A Fashion Statement

When Bridget Kent heard a presentation at school two years ago about how workers are unfairly treated, were severely underpaid and worked overly long hours in unsanitary and dangerous conditions in certain factories that manufacture garments, she decided to change her views on clothing.

“I thought, I can’t just ignore this, I have to do something,” says Kent, a junior at Notre Dame-Cathedral Latin High School.
When fair trade stores such as American Apparel and Revive opened in her Cleveland Heights neighborhood, she made the conscious decision to buy as much ethically made attire as possible. She now estimates that half of her clothes are made by workers who are treated fairly.
 
“It’s possible to have a wardrobe that is almost, if not all, fair trade that’s still stylish and in fashion,” she says.

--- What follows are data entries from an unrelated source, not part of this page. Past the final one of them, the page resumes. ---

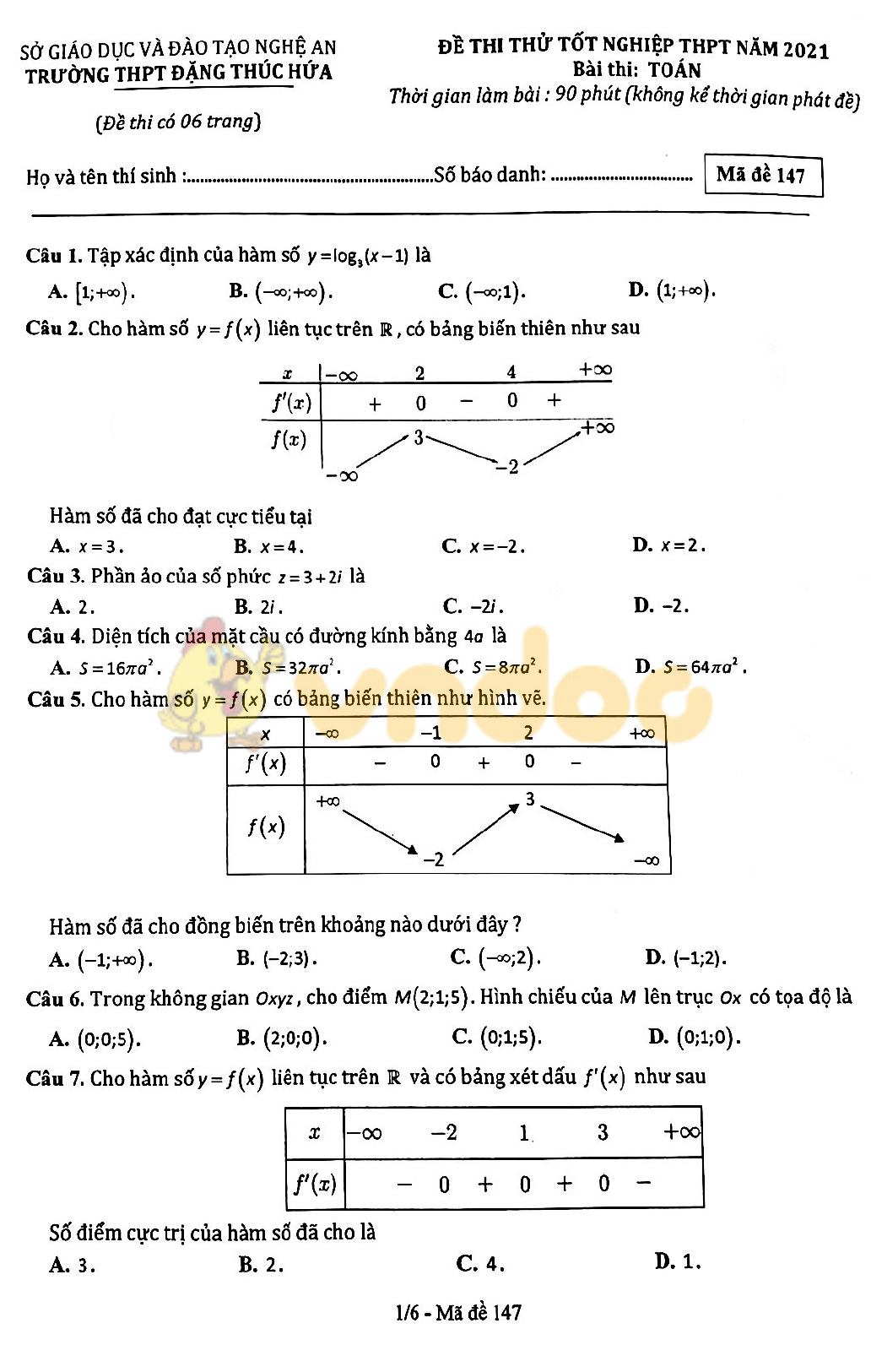 Đề thi thử THPT Quốc gia 2021 môn Toán trường THPT Đặng Thúc Hứa, Nghệ An được VnDoc.com sưu tầm và gửi tới bạn đọc cùng tham khảo. Đề thi với cấu trúc 50 câu hỏi trắc nghiệm Toán THPT, là tài liệu tham khảo hữu ích cho các em ôn thi THPT Quốc gia, chuẩn bị kĩ lưỡng cho kì thi sắp tới của mình.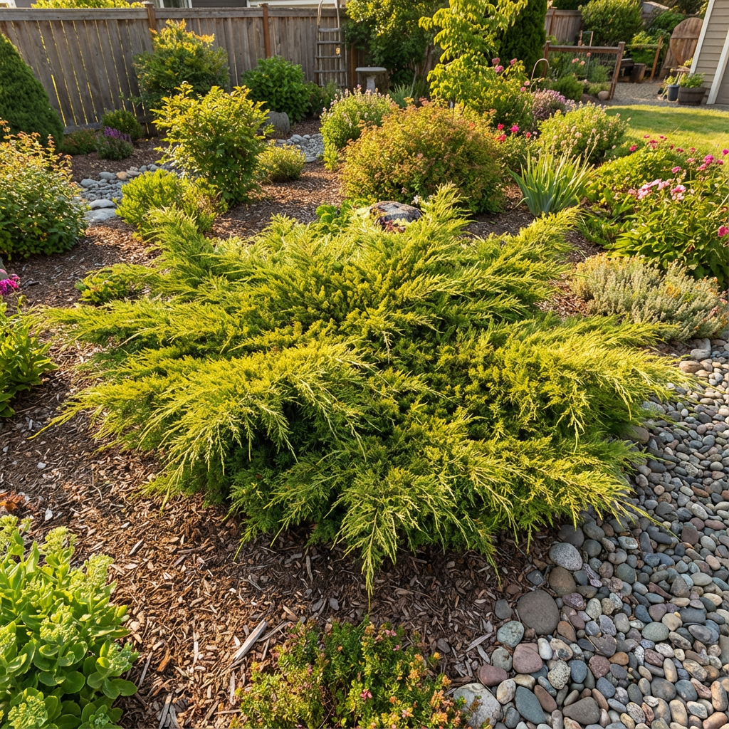 Jałowiec pośredni 'Old Gold' (Juniperus × pfitzeriana) to niska, rozłożysta odmiana jałowca o wyjątkowo dekoracyjnym, złocistym ulistnieniu. Dorasta do około 40 cm wysokości i rozrasta się nawet do 1,5 m szerokości, tworząc gęsty, nieregularny pokrój. Igły są miękkie, wachlarzowato ułożone i przez cały rok utrzymują intensywnie złocistożółty kolor, szczególnie wyraźny na młodych przyrostach. Złote wybarwienie czyni z 'Old Gold' efektowną ozdobę ogrodu przez cały rok – zarówno latem, jak i zimą. Świetnie sprawdza się jako roślina pojedyncza, w grupach, a także w kompozycjach z innymi iglakami i bylinami.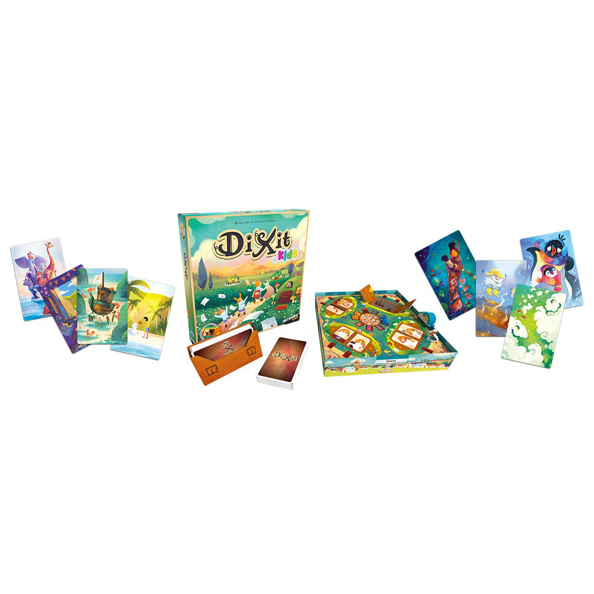 Le carte di Dixit Kids sono state adattate per i più piccoli e sono compatibili con altri giochi dell’universo Dixit.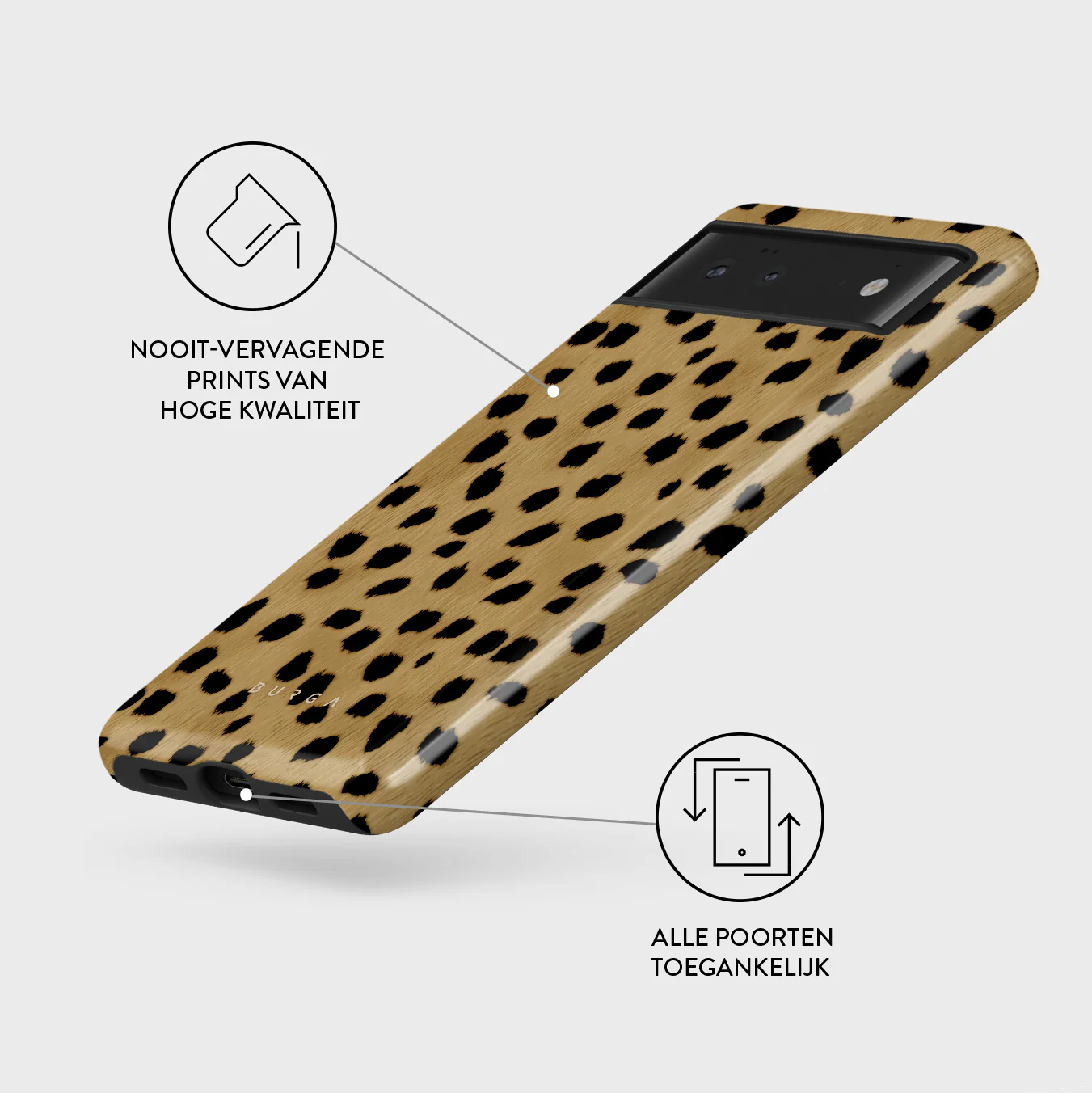 - Verhoogde randen rond de camera voor extra bescherming.

Kent and dozens of other students from Notre Dame-Cathedral Latin Social Justice Club and Catholic Schools for Peace and Justice are organizing their second annual celebration of World Fair Trade Day. Students from area schools have arranged student bands, speakers, multimedia presentations and a variety of regional and national vendors, including Revive, Ten Thousand Villages, Equal Exchange, Phoenix Coffee and Heartbeats.
 
The main event will be a fashion show, featuring about two dozen models walking 50 outfits down a catwalk. “[The workers] are treated like human beings, and that reflects in the clothing,” says Samantha Albert, a senior at NDCL and one of the event organizers. “You’re not just buying clothes, you’re buying a story.”